Where a line contains "- Each vCenter", begin there and restate word for word every line to the end of the entries below, pictures excluded.

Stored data
--

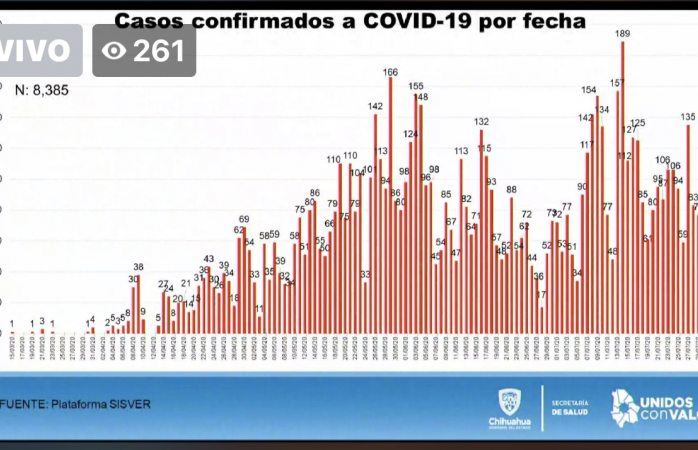 Chihuahua.- En la últimas 24 horas, la secretaría de salud confirmó un total de 79 nuevos casos y 4 defunciones más a causa del covid 19.
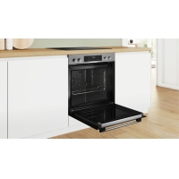 , ülemine/alumine kuumus, konvektsioongrill, suure pindalaga grill, kuum õhk õrnaltVentilaator jaotab soojuse ühtlaselt kogu küpsetusruumi ulatuses, mis aitab säästa energiat. Ühel tasandil küpsetades - nt. B. väikesed saiakesed, lehtkoogid või rullbiskviidid – eelsoojendus pole vajalik.
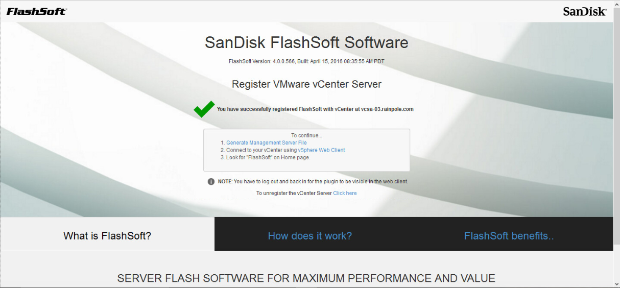 - Each vCenter server requires a FlashSoft appliance, although there can be multiple clusters managed in the same vCenter Server.
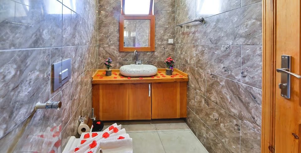 1. Yatak Odası : 1 adet çift kişilik yatak, televizyon, klima, komodin, elbise dolabı, makyaj masası, banyo ve lavabo bulunmaktadır.
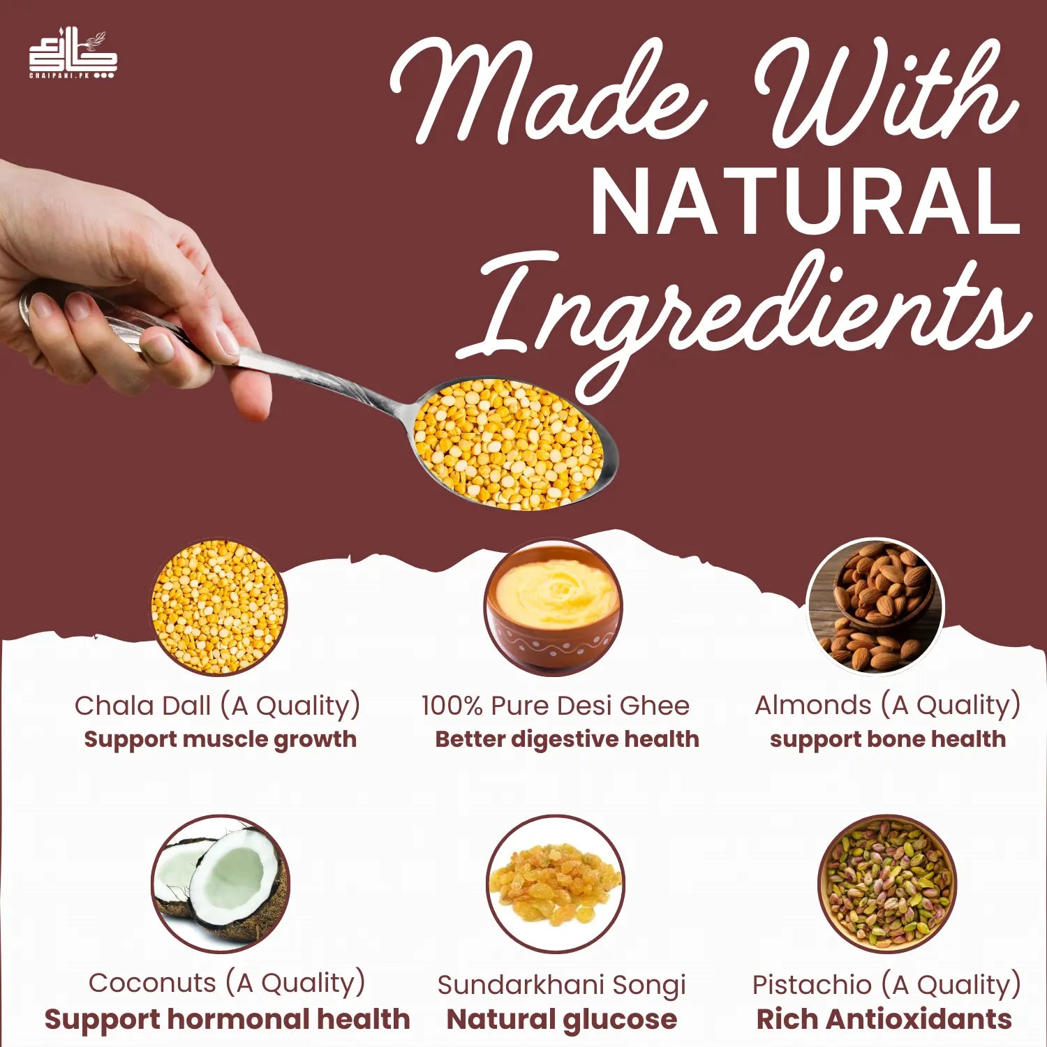 Postpartum Special 02- 1kg Mong Dall, 1kg Alsi ki Pinni. 950ml Kashmiri Chai Qehwa

--

→ Exercise result:
 - Each vCenter server requires a FlashSoft appliance, although there can be multiple clusters managed in the same vCenter Server.
 1. Yatak Odası : 1 adet çift kişilik yatak, televizyon, klima, komodin, elbise dolabı, makyaj masası, banyo ve lavabo bulunmaktadır.
 Postpartum Special 02- 1kg Mong Dall, 1kg Alsi ki Pinni. 950ml Kashmiri Chai Qehwa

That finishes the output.